技術の粋を集めた専用設計の2気筒エンジン

このバイクの心臓部には、ホンダがCBR250RRのためだけに心血を注いだ専用設計のエンジンが搭載されています。250cc 2気筒として極限までコンパクトにまとめられたその設計からは、メーカーの並々ならぬ情熱が伝わってきます。

吸気効率を追求したダウンドラフト吸気の採用や、細部にわたる徹底した軽量化。かつての「RR」の血統を受け継ぎ、高回転域まで淀みなく回るエンジンフィールは、操るたびにエンジニアのこだわりを肌で感じさせてくれます。

大型クラスの風格を纏う妥協なきデザイン

外観に目を向ければ、そこには大型スーパースポーツと比較しても遜色のない、妥協なきスタイリングが広がっています。「スピードと力強さ」をテーマにしたその造形は、機能美の結晶です。

マスの集中化を視覚的にも表現した前傾姿勢のシルエットや、空力性能を追求したレイヤー構造のカウル。細部に至るまで徹底的に作り込まれたデザインは、所有する喜びを最大限に高めてくれます。単なる250ccという枠に収まらない、フラッグシップとしての気品を纏った一台です。

最新のセキュリティで愛車をインテリジェンスに守る

CBR250RRという高額なバイクを所有する上で、避けて通れないのが盗難対策という「ストレス」の解消です。私は、物理的なロックに頼るだけでなく、テクノロジーによる解決策として「AlterLock Gen3」を導入しました。

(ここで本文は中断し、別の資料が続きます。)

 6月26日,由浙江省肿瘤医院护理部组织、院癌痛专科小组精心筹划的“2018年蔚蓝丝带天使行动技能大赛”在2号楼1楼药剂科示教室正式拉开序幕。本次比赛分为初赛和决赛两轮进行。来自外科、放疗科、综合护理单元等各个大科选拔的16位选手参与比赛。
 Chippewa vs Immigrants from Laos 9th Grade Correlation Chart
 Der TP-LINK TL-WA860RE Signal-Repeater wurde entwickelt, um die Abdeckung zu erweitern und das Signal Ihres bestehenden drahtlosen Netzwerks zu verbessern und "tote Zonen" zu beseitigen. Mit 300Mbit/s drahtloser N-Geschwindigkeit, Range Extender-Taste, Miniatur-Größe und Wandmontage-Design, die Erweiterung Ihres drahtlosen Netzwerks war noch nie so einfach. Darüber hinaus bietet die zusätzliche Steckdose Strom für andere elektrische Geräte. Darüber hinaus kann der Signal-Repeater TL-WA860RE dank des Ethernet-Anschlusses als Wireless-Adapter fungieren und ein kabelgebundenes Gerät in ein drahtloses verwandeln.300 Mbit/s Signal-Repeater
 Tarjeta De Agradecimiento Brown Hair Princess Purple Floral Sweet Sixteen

このデバイスの導入により、私のバイクライフは以下のように最適化されました。

  • GPSとLTE-Mによる24時間の監視:専用アプリを通じて、いつでも愛車の現在地を正確に把握できる安心感を手に入れました。
  • 大音量アラームによる物理的な抑止力:異常検知時に本体から鳴り響く113dBのサイレンが、犯人をその場で威嚇します。
  • 走行中の自動充電による管理の手間ゼロ:DC-DCコンバータを用いた独自の給電システムにより、バッテリー切れの心配から完全に解放されました。

単なる防犯グッズの枠を超え、愛車を常にスマホと同期されたインテリジェンスな存在へと昇華させる。これこそが、ガジェット好きとしての私の「守り方」です。

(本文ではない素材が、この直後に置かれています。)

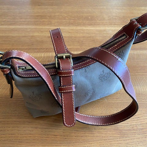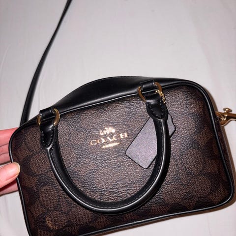 Coach axelremsväska i tyg för kvinna. Väskan har ett mönstrat yttertyg i bruna och beige toner med Coach-logga, justerbar axelrem i brunt material och dragkedja upptill. Framtill och på baksidan finns ytterfack och insidan har fodrat fack med etikett från Coach. Passar för vardagsbruk och för att bära mindre tillhörigheter som mobil, pass, plånbok och nycklar. Köpt på Los Angeles flygplats för några år sedan, men den kom inte till användning.
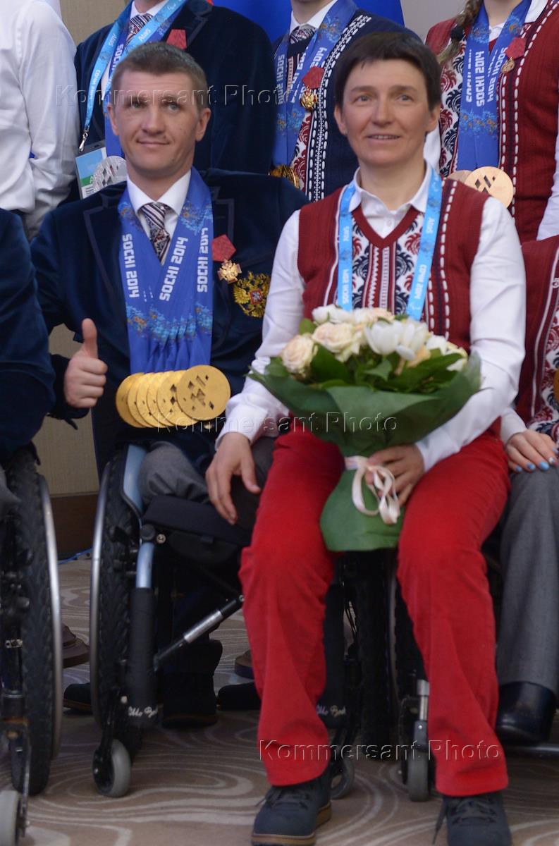XI Зимние Паралимпийские игры Сочи 2014. Члены сборной России слева направо: Марат Романов, Оксана…
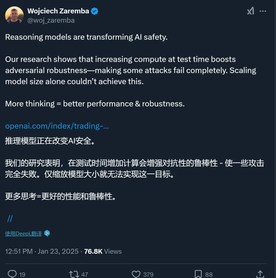通过投入更多计算资源,AI 系统的准确性和可靠性可以显著提升,这将增强用户对 AI 的信任,推动商业化应用。
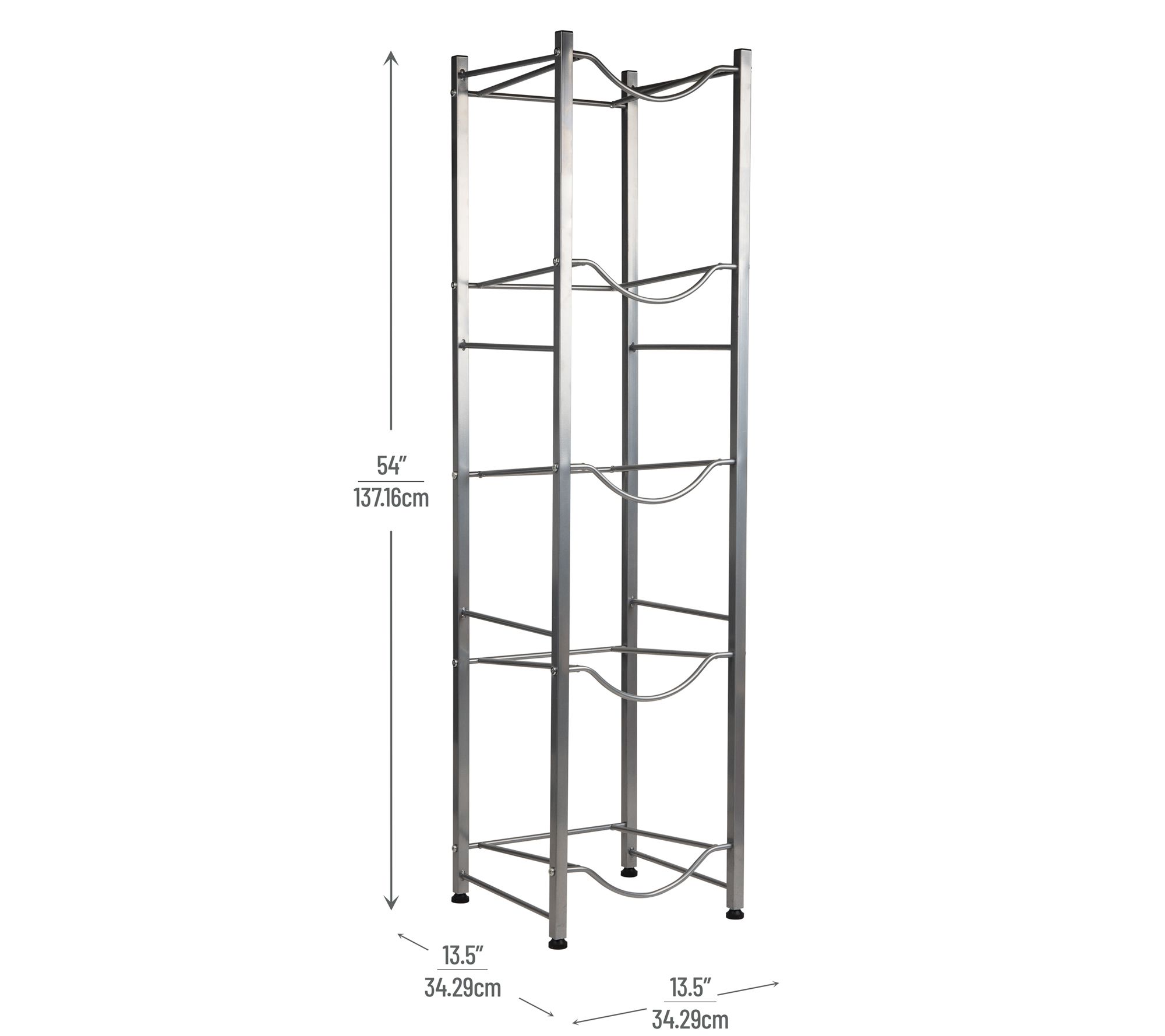 Keep bulky water jugs neatly in place with this heavy duty 5-tier jug holder -- an ideal organizer for busy kitchens, pantries, or office breakrooms where space is at a premium. Horizontal storage offers easy access, while the sleek metal frame meshes with modern and classic decor alike. Assembly is simple, so you can reclaim your floor space in just a few steps. From Mind Reader.
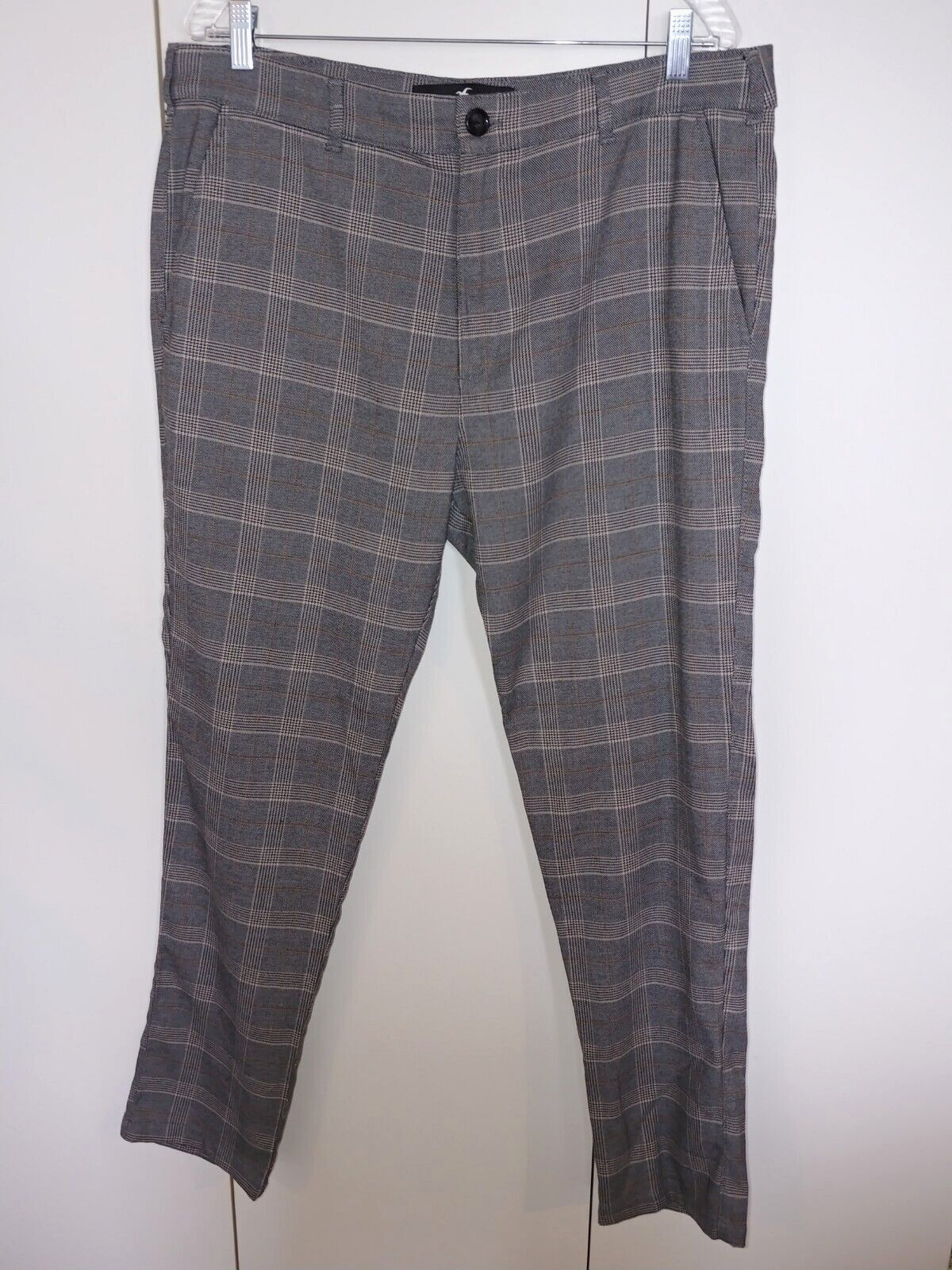 THIS IS A GREAT PAIR OF MEN'S HOLLISTER SKINNY CHINO HOLLISTER EPIC FLEX GRAY PLAID PANTS IN A SIZE 36 x 30.5". THEY ARE IN EXCELLENT, BARELY WORN CONDITION--COUPLE TIMES; INSEAM WAS SHORTENED FROM 32" TO 30.5".

具体的な導入方法や、ライバル機との詳細な比較については、以下の個別レビュー記事で詳しく解説しています。

結論|あらゆるステージで最高の結果を求める

最新の電子制御がもたらす安心感は、これからスポーツ走行を始める初心者にとって心強い味方になります。一方で、その高いポテンシャルと緻密な設計は、私のようにVTR250などの名車を乗り継いできたベテランであっても、飽きることのない奥深さを提供してくれます

速さを求める人には圧倒的なパワーを。効率を求める人には優れた燃費を。そして所有感を求める人には妥協なき造形美を。このバイクは、乗り手が求める期待に対して常に100点満点の回答を用意してくれます。

「250ccだから」という妥協を一切排除し、ホンダの心意気が凝縮されたこのマシン。これこそが、現代におけるスポーツバイクの、一つの完成形だと言えるでしょう。